» **Recorded data**:
◆ ◆ ◆ ◆ ◆
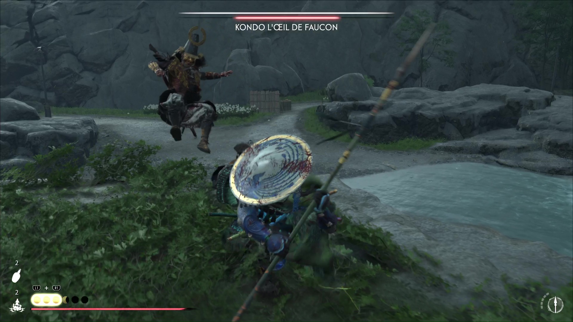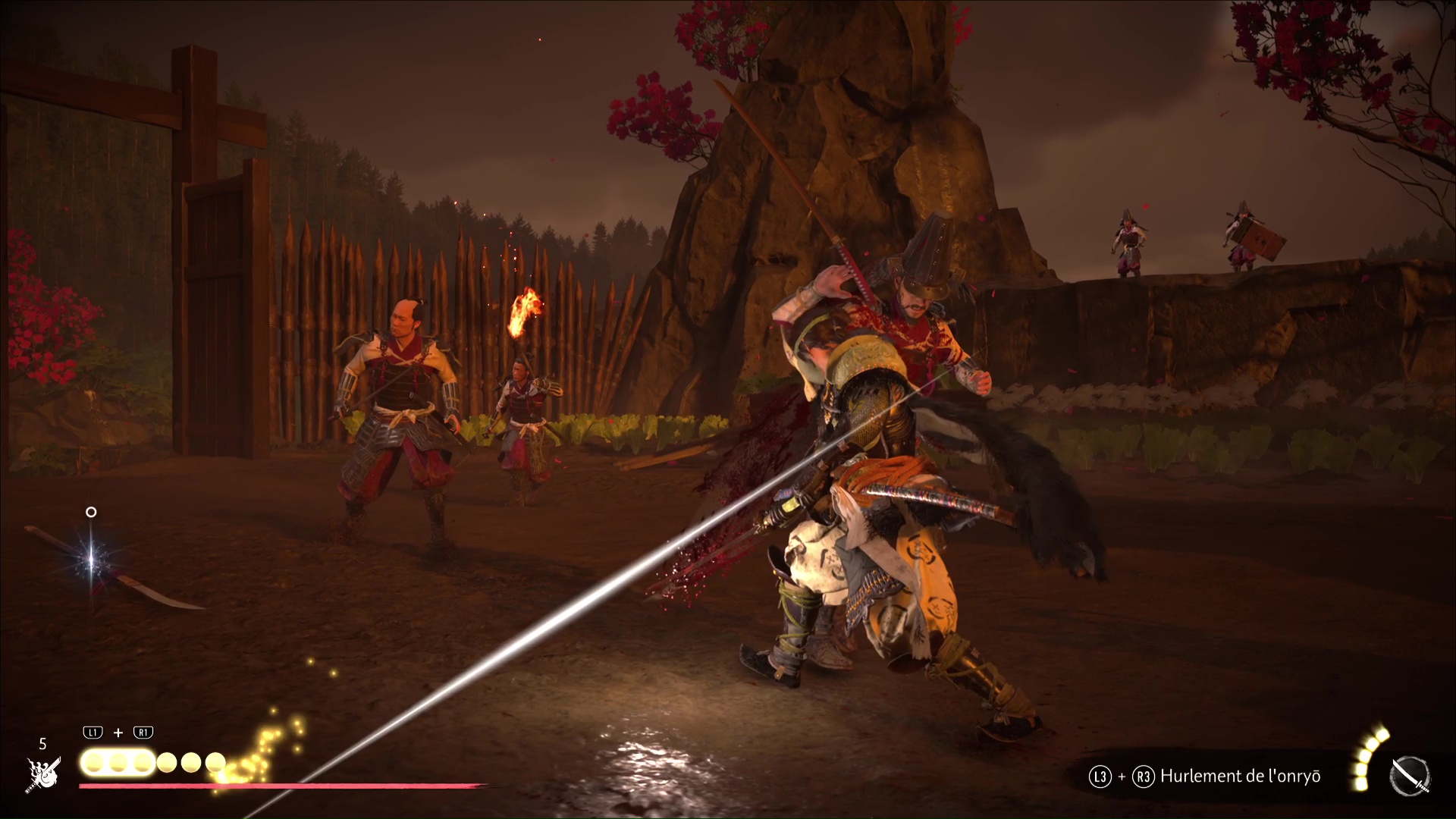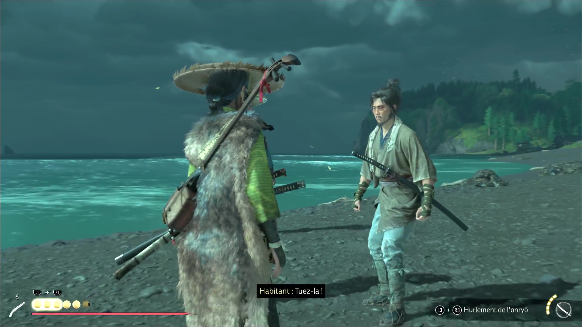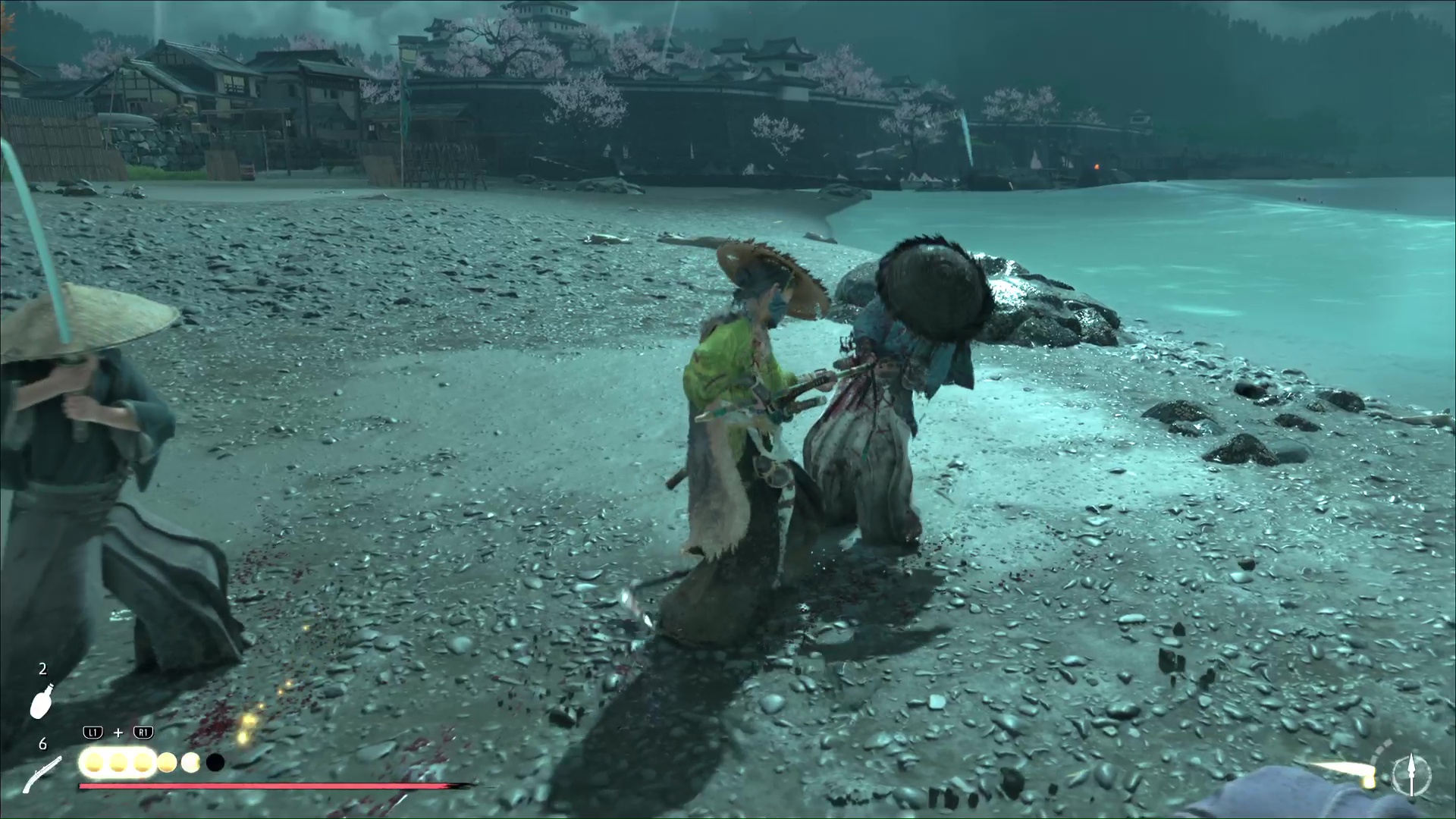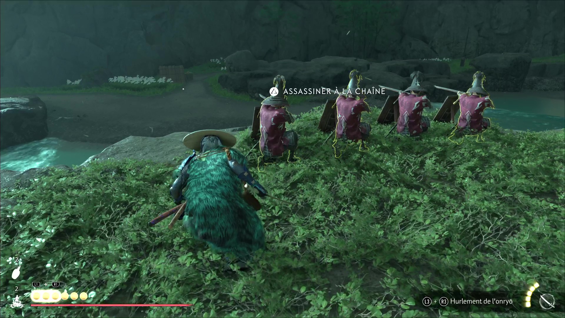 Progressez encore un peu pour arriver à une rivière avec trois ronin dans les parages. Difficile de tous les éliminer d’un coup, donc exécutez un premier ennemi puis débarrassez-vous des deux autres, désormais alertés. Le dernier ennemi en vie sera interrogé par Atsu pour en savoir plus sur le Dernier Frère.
◆ ◆ ◆ ◆ ◆
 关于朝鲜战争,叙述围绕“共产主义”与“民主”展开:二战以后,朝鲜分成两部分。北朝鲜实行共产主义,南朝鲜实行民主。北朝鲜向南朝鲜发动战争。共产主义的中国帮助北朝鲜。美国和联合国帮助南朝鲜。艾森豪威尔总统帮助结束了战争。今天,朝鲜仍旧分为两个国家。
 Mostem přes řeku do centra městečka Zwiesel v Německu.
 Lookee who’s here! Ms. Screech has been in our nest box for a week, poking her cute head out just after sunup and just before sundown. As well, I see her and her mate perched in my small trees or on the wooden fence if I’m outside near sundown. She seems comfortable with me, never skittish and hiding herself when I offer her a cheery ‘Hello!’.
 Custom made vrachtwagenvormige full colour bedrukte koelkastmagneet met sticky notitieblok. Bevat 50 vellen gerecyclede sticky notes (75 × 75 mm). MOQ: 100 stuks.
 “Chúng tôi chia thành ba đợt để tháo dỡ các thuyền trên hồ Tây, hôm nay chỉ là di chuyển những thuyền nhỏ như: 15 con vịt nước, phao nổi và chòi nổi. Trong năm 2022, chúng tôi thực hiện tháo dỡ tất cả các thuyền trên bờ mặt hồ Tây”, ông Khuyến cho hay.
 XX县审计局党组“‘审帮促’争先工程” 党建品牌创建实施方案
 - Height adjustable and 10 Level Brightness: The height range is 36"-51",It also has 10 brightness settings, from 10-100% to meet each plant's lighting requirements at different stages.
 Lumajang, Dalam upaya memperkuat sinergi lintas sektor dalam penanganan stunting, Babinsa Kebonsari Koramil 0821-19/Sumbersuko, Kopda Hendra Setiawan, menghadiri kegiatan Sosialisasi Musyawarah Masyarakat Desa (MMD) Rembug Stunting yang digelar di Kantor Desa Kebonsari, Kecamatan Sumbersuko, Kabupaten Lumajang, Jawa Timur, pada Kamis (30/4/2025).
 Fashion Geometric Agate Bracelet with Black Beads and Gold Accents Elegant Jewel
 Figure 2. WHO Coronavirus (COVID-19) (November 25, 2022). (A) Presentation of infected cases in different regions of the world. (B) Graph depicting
◆ ◆ ◆ ◆ ◆
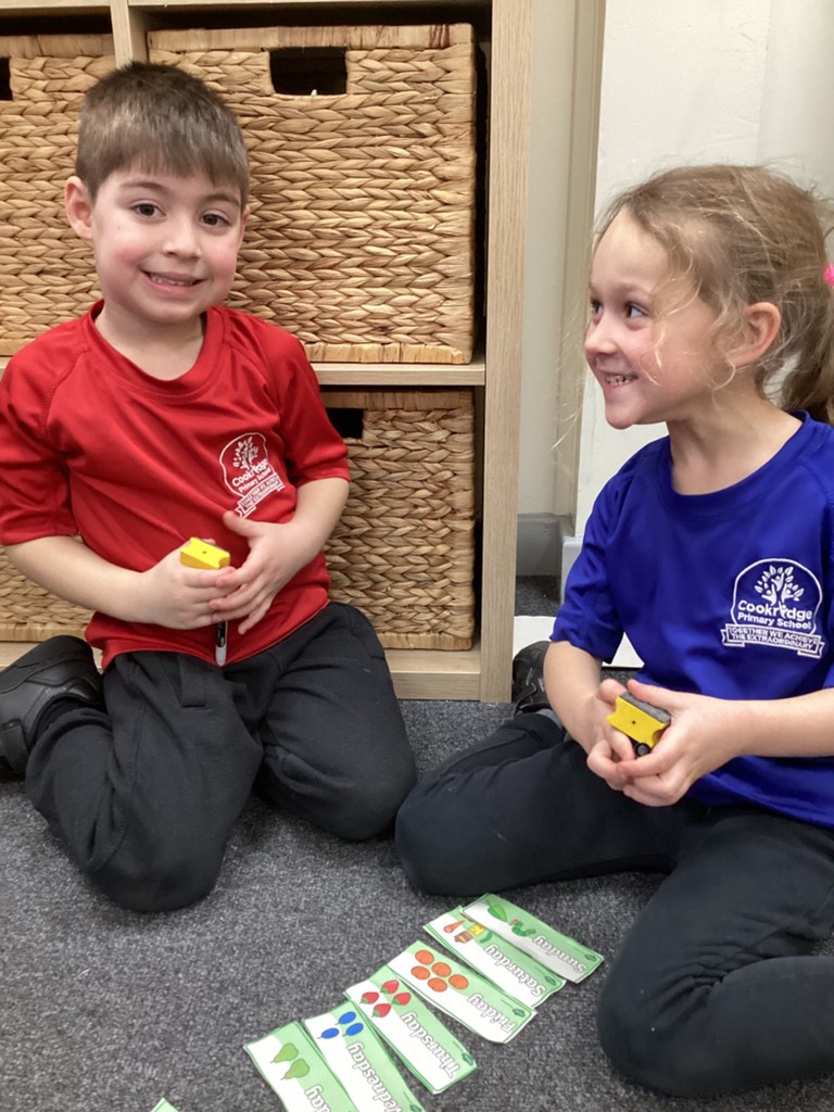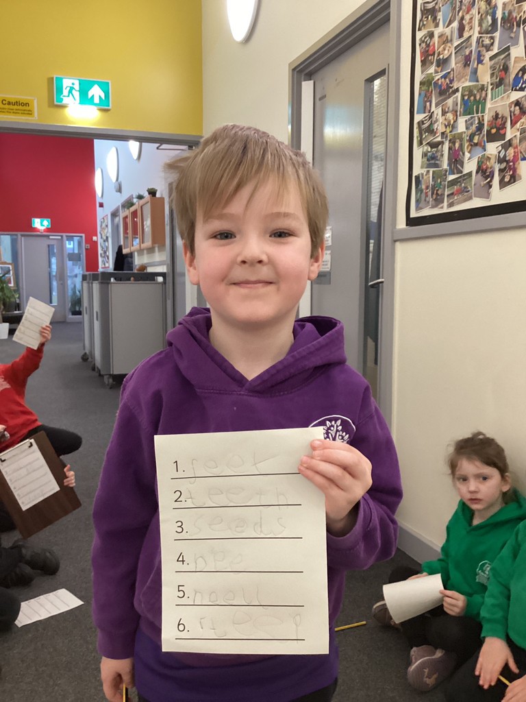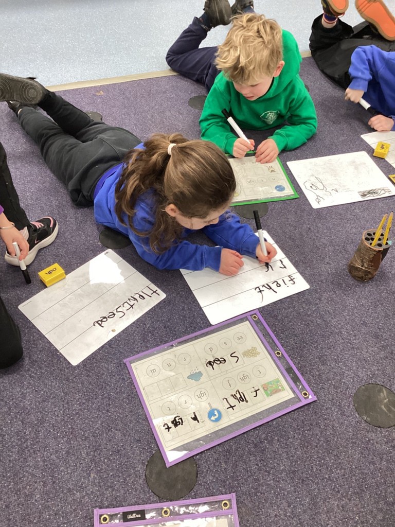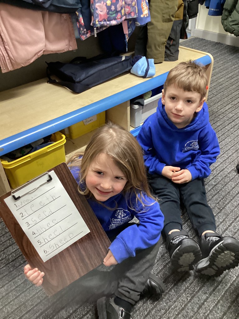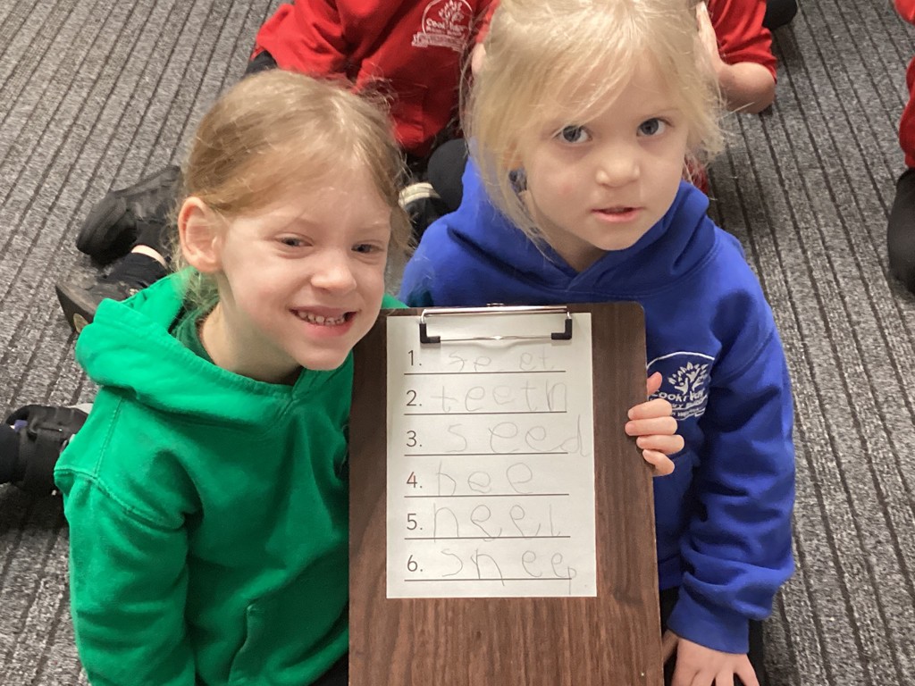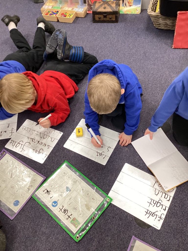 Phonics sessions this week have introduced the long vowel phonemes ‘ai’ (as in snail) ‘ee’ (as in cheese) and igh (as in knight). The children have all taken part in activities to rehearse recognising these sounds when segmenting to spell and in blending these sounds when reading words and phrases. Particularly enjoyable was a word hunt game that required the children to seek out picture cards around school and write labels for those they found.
◆ ◆ ◆ ◆ ◆
» **Your task**: What do the lines above say from the one containing "Khuyến cho hay." down to the one containing "Figure 2. WHO"? Return them exactly, both end lines included, and only them.

» **Response area**:
 “Chúng tôi chia thành ba đợt để tháo dỡ các thuyền trên hồ Tây, hôm nay chỉ là di chuyển những thuyền nhỏ như: 15 con vịt nước, phao nổi và chòi nổi. Trong năm 2022, chúng tôi thực hiện tháo dỡ tất cả các thuyền trên bờ mặt hồ Tây”, ông Khuyến cho hay.
 XX县审计局党组“‘审帮促’争先工程” 党建品牌创建实施方案
 - Height adjustable and 10 Level Brightness: The height range is 36"-51",It also has 10 brightness settings, from 10-100% to meet each plant's lighting requirements at different stages.
 Lumajang, Dalam upaya memperkuat sinergi lintas sektor dalam penanganan stunting, Babinsa Kebonsari Koramil 0821-19/Sumbersuko, Kopda Hendra Setiawan, menghadiri kegiatan Sosialisasi Musyawarah Masyarakat Desa (MMD) Rembug Stunting yang digelar di Kantor Desa Kebonsari, Kecamatan Sumbersuko, Kabupaten Lumajang, Jawa Timur, pada Kamis (30/4/2025).
 Fashion Geometric Agate Bracelet with Black Beads and Gold Accents Elegant Jewel
 Figure 2. WHO Coronavirus (COVID-19) (November 25, 2022). (A) Presentation of infected cases in different regions of the world. (B) Graph depicting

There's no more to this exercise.